Later on at night I had the second bowel movement of the day. Emphasis on the second in comparison with the usual ten a day. I was worried that constipation had set in immediately and that I was still going to have trouble with eating, but it simply took a while and the result was semi-solid stool(in comparison with months of pure red and brown liquid). It's still a little bit painful to use the restroom, but I can't expect 100% recovery in only one day. I was so happy that I had to keep myself from crying because of all of the things I was able to do. I know that steroids can be potentially problematic, but I am very happy with the results so far.
9:45 am- I ate half of one of those cookies and some apple sauce in order to take my three tablets of mesalamine and then went back to bed. I had a a few bowel movements, but I had eaten a lot more than I was used to so I imagine that it took my body a little bit to get used to getting rid of it.
12:45- I ate scrambled eggs and more cookies. I took my prednisone again but it was much easier. The taste is not good, but I would much rather deal with that than Crohn's.
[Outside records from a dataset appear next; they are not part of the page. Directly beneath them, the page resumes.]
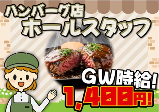 $時給1,400円!おしゃれなハンバーグ店でホールスタッフ♪【豊川市】
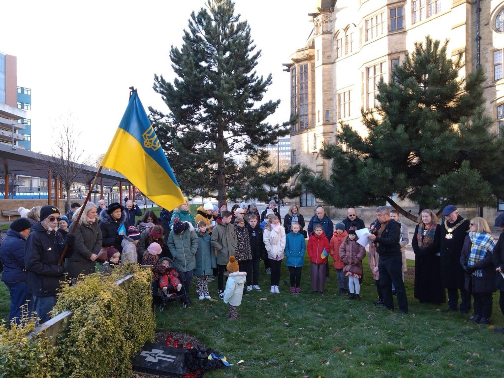 The Ukrainian community gathered at the Holodomor plaque in Bradford city centre with children from the Ukrainian School Bradford reading poems
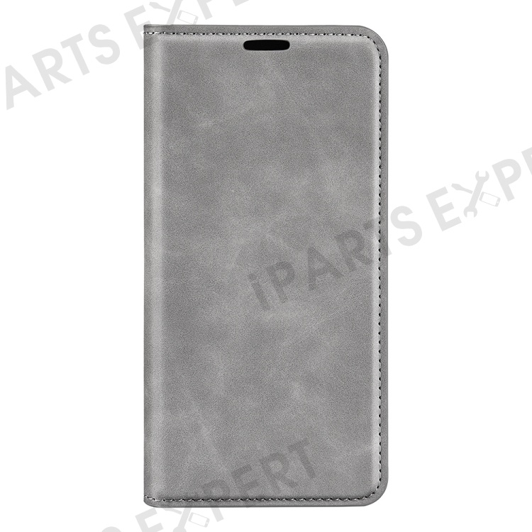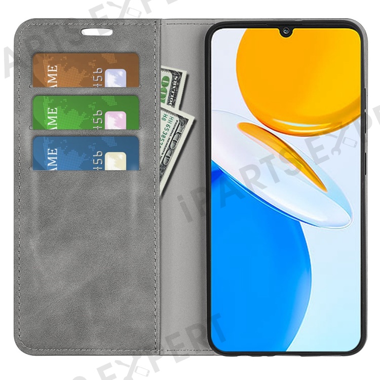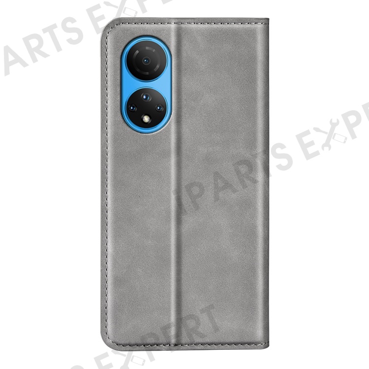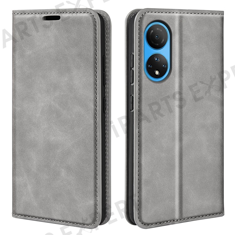 For Honor X7 Skin-touch Feeling PU Leather Cover Magnetic Auto-absorbed Phone Wallet Stand Case - Grey

I felt a little pain because I had to use the restroom, but I am over that and am feeling great again.
***POTENTIAL SIDE EFFECTS SO FAR***
Hiccups-I did not know that this was a side effect of prednisone, but I am having them sometimes. They last longer than usual and are a little bit uncomfortable. If this continues for the next two weeks I am told I can go in to the doctor and they can fix it.
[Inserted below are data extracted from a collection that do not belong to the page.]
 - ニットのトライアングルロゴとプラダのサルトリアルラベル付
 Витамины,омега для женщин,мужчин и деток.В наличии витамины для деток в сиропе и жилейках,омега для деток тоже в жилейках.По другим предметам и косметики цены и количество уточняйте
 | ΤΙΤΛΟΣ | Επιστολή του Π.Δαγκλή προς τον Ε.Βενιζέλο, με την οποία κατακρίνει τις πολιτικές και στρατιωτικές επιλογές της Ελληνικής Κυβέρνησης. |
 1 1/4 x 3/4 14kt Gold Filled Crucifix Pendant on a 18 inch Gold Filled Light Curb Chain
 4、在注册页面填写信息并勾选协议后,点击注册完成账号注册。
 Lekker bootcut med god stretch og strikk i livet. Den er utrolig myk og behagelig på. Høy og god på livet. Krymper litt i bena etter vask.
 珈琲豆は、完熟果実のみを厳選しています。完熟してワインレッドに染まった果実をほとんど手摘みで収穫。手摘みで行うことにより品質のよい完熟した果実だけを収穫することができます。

It's only been about two days so I can't say if there are any other side effects. I'm extremely hungry of course but I attribute this to the fact that I've been living primarily of of broth, crackers, water, and some noodles and chicken in my soup.
I really don't want to get moonface. I took a picture of myself today to use as a comparison on a week by week basis to see if there is much physical change. I need to gain weight but am worried about gaining too much so I am going to be very careful about the content of what I eat.
Everything is wonderful so far. I know some people do not like prednisone and I can't say too much yet because I've barely used it, but from what I've heard from people in my own family it works wonders and I have to agree. I have not felt like this in months. I can actually walk around in my apartment, open the car door by myself, make my own meals, clean, read(working on Cormac McCarthy's 'The Road' at the moment), and so on. I know that you will read a lot of negative testimonials online, but I want mine to be taken into consideration as well.
I haven't gotten my biopsy results back yet so I don't know the full extent of what I have. I'm not going to allow myself to get my hopes up very high, but I am feeling positive and I know that this mentality will help me get better. I hope that reading this will benefit someone in need of information, or someone is simply afraid of the procedures or taking the medication. I wish the best for everyone else sharing in this experience and I hope to have results within the next few weeks to give others an idea of what to expect.
I'm putting a few pictures below for record's sake and for those that are wanting more pictures of what certain conditions look like. I know that I wanted more when I was researching on the internet but could not find any.
The shape of my face at the moment:
I will try and have the endoscopy and colonoscopy pictures up a bit later. I will also attempt to keep a good update as far as side effects and diet trial and error goes.